Other parameters are practically zilch, I'm talking about the dry start method. (wasn't clear on that; I am interested to know about the effects on root and runner growth with an increased night cycle submerged and emerged, but mainly emerged)

If a plant sends its roots and runners out at night then providing it with plenty of photosynthesis but giving it more time with the lights out should make getting a developed root system that is necessary to provide nutrients for later on, much quicker. 

After all the days are shorter right after winter, this seems like the perfect time to get your roots established before you have 12-16 hour long summer days.

Again I'm not talking about upping the lighting. 
I mentioned moving the light closer but the main focus here is on less day time and more night time, moving the lights closer would just be compensation for the reduced light cycle. It may not be necessary


----------



## HypnoticAquatic (Feb 17, 2010)

moving your light closer is going to up your lighting just to what degree is depending on how far it was to how close your going to bring it in its just like a flashlight a wide beam wont see as far but if u just tweek it to concentrate the light you can see much further. and i still doubt that the tweaking the light will give u a more noticeable diff as say adding co² yes it can be done with a drystart to that will add a much more noticeable end result for growth imo. if your doing a drystart and ur parameters are zilch your quote then your plants will only be using its reserves to live and not thrive. there are other things you might want to consider to when u lower a light in a tank it can raise the temp quite a bit sometimes to where a plants suffers due to lack of circulation of air that causes the temp to rise to high. i personally dont see many plants grow much in the winter compaired to spring/summer i will still tell you if you want it to spread faster and due dry start add co² and keep everything else the same well add ferts u said there was zilch and you should have it in no time just shoot for 500pp and your fine i wouldnt go over 1k ppm and your growth would be awsome and fill in in no time.


----------



## CptanPanic (Jan 13, 2004)

If you are doing dry, you can try 24 hour light.


----------



## kevmo911 (Sep 24, 2010)

Sorry, missed that dry start part. If you're doing that, then try whatever you'd like, sounds like a neat experiment.

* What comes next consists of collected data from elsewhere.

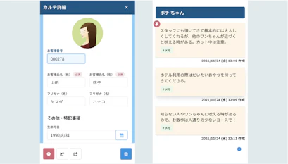 ペットホテルなら、「特定のフードしか食べられない」「過去に特定の病気を経験」など、細かい情報も記録可能。トリミングサロンでは、「前回の施術内容」「好きなスタイルの傾向」「施術中に気をつけないといけない点」などをメモとして残せば、顧客満足度の高いサービスを実現できます。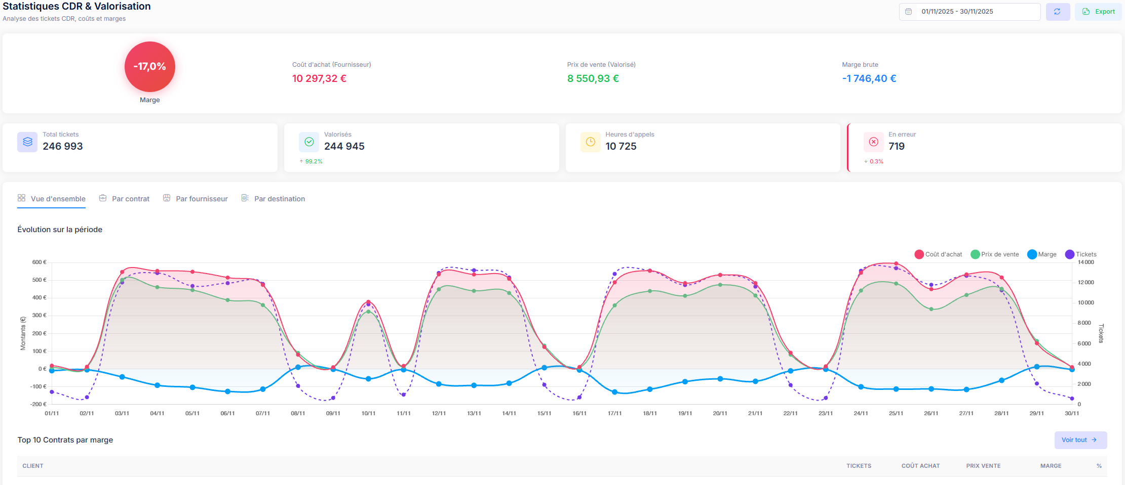 Valorisation automatique des communications selon vos grilles tarifaires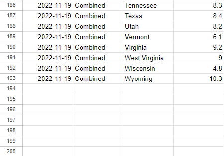 Let’s build a live-updated visual to help viewers quickly see their state’s current risk of a viral infection by the three most common viruses (flue, Covid, and a cold/RSV). We’ll use Zapier for automation, CDC.Gov for data, Google to store our csv values, and Tableau for the live, interactive visual! (Skip to the dashboard)

But I agree with Hypnotic in that dropping your light closer is increasing your light. There's no linear relationship between reducing photoperiod and increasing lighting. As a (very poor) analogy, increasing summer daylight temperature by 50% (by moving closer to the light source) here in north carolina, would kill me, regardless of how much daylight hours were reduced.


----------



## Capsaicin_MFK (Nov 15, 2009)

I've had my HC growing immersed for a month now and with 12 hours of light per day it is spreading very quickly.


----------



## Zareth (Dec 13, 2010)

Hypnotic, I would like to respond but I can barely tell what you said.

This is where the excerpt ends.